In my post on privacy and Google Book Search, I alluded to technological solutions libraries could use to enhance patron privacy while also protecting against unauthorized access. I thought it would be useful to elaborate on this comment with some details. In general, there is no reason that privacy and security objectives can both be met in a properly engineered solution, other than the fact that it's hard to find someone willing to pay for the properly engineered solution. For example, I mentioned Shibboleth as a possible solution to providing security and privacy. Shibboleth is an open-source single-sign-on authentication system developed as part of the Internet2 project. It uses strong cryptographic techniques to delegate trust over a network, and in so doing, allows for significantly enhanced privacy.

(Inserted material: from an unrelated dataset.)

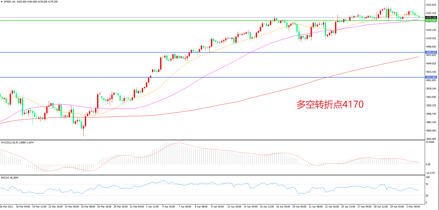 4小时图看,标普500突破4170后延续高位震荡,短线涨势有所放缓,但55周期均线的支撑依然稳固,4170成为多空分水岭,MACD红柱缩短,RSI指标走平,日内延续震荡概率较大。

Think about the situation where a company has licensed some content to a university. The licensor wants to make sure that only persons associated with the university are allowed to access the content. It doesn't need to know who the user is, it only needs to know that the user is properly entitled. The Shibboleth system allows the institutional user to sign in to an authentication point once using their institutional credentials, then any licensed resource can check with the central authentication point that the user is accredited by virtue of institutional affiliation. Shibboleth also allows users an institutions to disclose attributes to providers of their choosing. Attributes might include their name, preferred language, subject areas of interest, subgroup membership, etc.. Security is preserved because the institution still knows the identity of the users, and is enhanced because the Shibboleth system is designed to be much harder to defeat than competing solutions.
As far as I understand, Shibboleth would
- When the user is authenticated by the institution, a session id would be sent to Google. The session id tracks the user, but only the institution knows the identity of the user.
- When the user views a page in a book, Google sends a message to the institution to increment a named counter associated with the user. The name of the counter identifies a book, but only Google knows which book is associated with the counter.
- when the user asks to view another page, Google asks the institution for the page count associated with the book and the user, and grants access accordingly.
What is the likelihood that such a system can be created and adopted? On this score I am very skeptical. Who would pay for the enhanced privacy afforded by such a system? The success of a variety of Web 2.0 services seem to indicate that users are almost eager to give up privacy to gain the ability to communicate. As Randal Picker has discussed in a recent paper, consumers have significant incentives to give up their privacy to online advertising networks because doing so amounts to advertising by the consumer that results in a more efficient market. The history of Shibboleth can be used as an indicator of market behavior. Although it can provide enhanced privacy and strong security, these advantages have not been able to counteract implementation and usability costs and compared to competing technologies, and Shibboleth has not been widely adopted. When Peter Brantley raised the specific question of using Shibboleth for Google Book Search, Google's Dan Clancy commented that "Some institutions use Shiboleth and we will support this although most institutions prefer IP authentication". Google is known for putting a very high priority on usability, which is an area of significant weakness for Shibboleth.
On second thought, maybe the Swiss banks are onto something. Maybe the best target market for ultimate privacy is ultra rich people. Sergey and Larry, Warren and Bill, might I sell you a bit of privacy?